Perhaps no other actress–apart from Audrey Hepburn in Roman Holiday–hit the jackpot as much as Emmanuelle Riva with her debut role as Elle in Hiroshima, Mon Amour. As part of the trailblazing movement that would become known as Left Bank Cinema (the less financially successful facet of the French New Wave; Right Bank Cinema was where the so-called money was for the likes of Godard and Truffaut), the film focuses on conversations between Elle (Riva) and Lui (Eiji Okada) over a period of thirty-six hours.

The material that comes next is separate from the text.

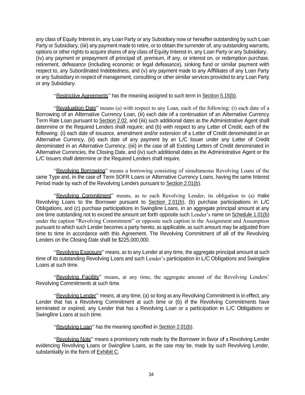 34 any class of Equity Interest in, any Loan Party or any Subsidiary now or hereafter outstanding by such Loan Party or Subsidiary, (iii) any payment made to retire, or to obtain the surrender of, any outstanding warrants, options or other rights to acquire shares of any class of Equity Interest in, any Loan Party or any Subsidiary, (iv) any payment or prepayment of principal of, premium, if any, or interest on, or redemption purchase, retirement, defeasance (including economic or legal defeasance), sinking fund or similar payment with respect to, any Subordinated Indebtedness, and (v) any payment made to any Affiliates of any Loan Party or any Subsidiary in respect of management, consulting or other similar services provided to any Loan Party or any Subsidiary. “Restrictive Agreements” has the meaning assigned to such term in Section 5.15(b). “Revaluation Date” means (a) with respect to any Loan, each of the following: (i) each date of a Borrowing of an Alternative Currency Loan, (ii) each date of a continuation of an Alternative Currency Term Rate Loan pursuant to Section 2.02, and (iii) such additional dates as the Administrative Agent shall determine or the Required Lenders shall require; and (b) with respect to any Letter of Credit, each of the following: (i) each date of issuance, amendment and/or extension of a Letter of Credit denominated in an Alternative Currency, (ii) each date of any payment by an L/C Issuer under any Letter of Credit denominated in an Alternative Currency, (iii) in the case of all Existing Letters of Credit denominated in Alternative Currencies, the Closing Date, and (iv) such additional dates as the Administrative Agent or the L/C Issuers shall determine or the Required Lenders shall require. “Revolving Borrowing” means a borrowing consisting of simultaneous Revolving Loans of the same Type and, in the case of Term SOFR Loans or Alternative Currency Loans, having the same Interest Period made by each of the Revolving Lenders pursuant to Section 2.01(b). “Revolving Commitment” means, as to each Revolving Lender, its obligation to (a) make Revolving Loans to the Borrower pursuant to Section 2.01(b), (b) purchase participations in L/C Obligations, and (c) purchase participations in Swingline Loans, in an aggregate principal amount at any one time outstanding not to exceed the amount set forth opposite such Lender’s name on Schedule 1.01(b) under the caption “Revolving Commitment” or opposite such caption in the Assignment and Assumption pursuant to which such Lender becomes a party hereto, as applicable, as such amount may be adjusted from time to time in accordance with this Agreement. The Revolving Commitment of all of the Revolving Lenders on the Closing Date shall be $225,000,000. “Revolving Exposure” means, as to any Lender at any time, the aggregate principal amount at such time of its outstanding Revolving Loans and such Lender’s participation in L/C Obligations and Swingline Loans at such time. “Revolving Facility” means, at any time, the aggregate amount of the Revolving Lenders’ Revolving Commitments at such time. “Revolving Lender” means, at any time, (a) so long as any Revolving Commitment is in effect, any Lender that has a Revolving Commitment at such time or (b) if the Revolving Commitments have terminated or expired, any Lender that has a Revolving Loan or a participation in L/C Obligations or Swingline Loans at such time. “Revolving Loan” has the meaning specified in Section 2.01(b). “Revolving Note” means a promissory note made by the Borrower in favor of a Revolving Lender evidencing Revolving Loans or Swingline Loans, as the case may be, made by such Revolving Lender, substantially in the form of Exhibit C.

In many ways, the iconic movie would go on to influence Richard Linklater’s Before Sunrise trilogy as it was the first time in cinema history when so much emphasis was placed solely on dialogue between two people, especially dialogue that frankly addressed the demise of a tryst. Flashbacks and memories establish Elle’s arrival to Hiroshima after the atrocious August 6, 1945 bombing. Her romantic dalliance with Lui begins with an entanglement of two bodies (racy for the time, you know) and the signature use of director Alain Resnais’ repetition of dialogue by Marguerite Duras, as Lui insists, “You saw nothing in Hiroshima.”

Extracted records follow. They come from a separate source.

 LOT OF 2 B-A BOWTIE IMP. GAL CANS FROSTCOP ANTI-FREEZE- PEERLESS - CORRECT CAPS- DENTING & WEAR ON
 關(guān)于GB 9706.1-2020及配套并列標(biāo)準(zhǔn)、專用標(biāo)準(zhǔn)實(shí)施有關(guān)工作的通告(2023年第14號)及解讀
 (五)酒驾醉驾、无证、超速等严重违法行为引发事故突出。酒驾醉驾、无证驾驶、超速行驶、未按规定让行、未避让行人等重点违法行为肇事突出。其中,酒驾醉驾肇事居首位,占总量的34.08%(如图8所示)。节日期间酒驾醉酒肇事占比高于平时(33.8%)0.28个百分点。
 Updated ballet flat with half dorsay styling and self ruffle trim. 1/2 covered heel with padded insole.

But oh, the things she saw, and experienced–particularly at that museum she went to four times, the one showcasing the wreckage and aftermath of the atomic bomb. Indeed, this, too, is the metaphor wielded for relationships in Hiroshima, Mon Amour. No one gets out unscathed or even alive–at least not half as alive as they felt before. The use of memory and its distortion for survival purposes plays another integral role in the film. As Elle so accurately puts it, “Just as in love, there is this illusion, this illusion that you will never be able to forget, the way I had the illusion, faced with Hiroshima, that I would never forget. Just as in love.”
Forgetting and/or suppressing is the only way to survive any trauma–and what trauma is greater than love lost? For Emmanuelle Riva to step into a role so powerful and poignant at the outset of her filmography immediately established her as one of the greats of French cinema.

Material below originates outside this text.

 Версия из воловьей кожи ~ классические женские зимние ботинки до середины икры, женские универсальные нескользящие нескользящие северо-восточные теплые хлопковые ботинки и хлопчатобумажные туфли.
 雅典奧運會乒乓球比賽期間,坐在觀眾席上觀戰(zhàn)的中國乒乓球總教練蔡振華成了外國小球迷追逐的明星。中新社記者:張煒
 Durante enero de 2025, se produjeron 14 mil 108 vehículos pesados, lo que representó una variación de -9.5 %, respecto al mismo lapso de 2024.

Though Riva’s career would go on to thrive and continue to show her acting ability (especially with the 2012 coup, Amour, for which she became the oldest actress to be nominated for an Academy Award), it was always this first film, the first time we fell in love with Riva, that one thinks of when she comes to mind. Her death on January 27th from cancer conjures the image of her saying as Elle, “Why deny the obvious necessity for memory?” And in that necessity, film enthusiasts and victims of love everywhere could never forget Riva.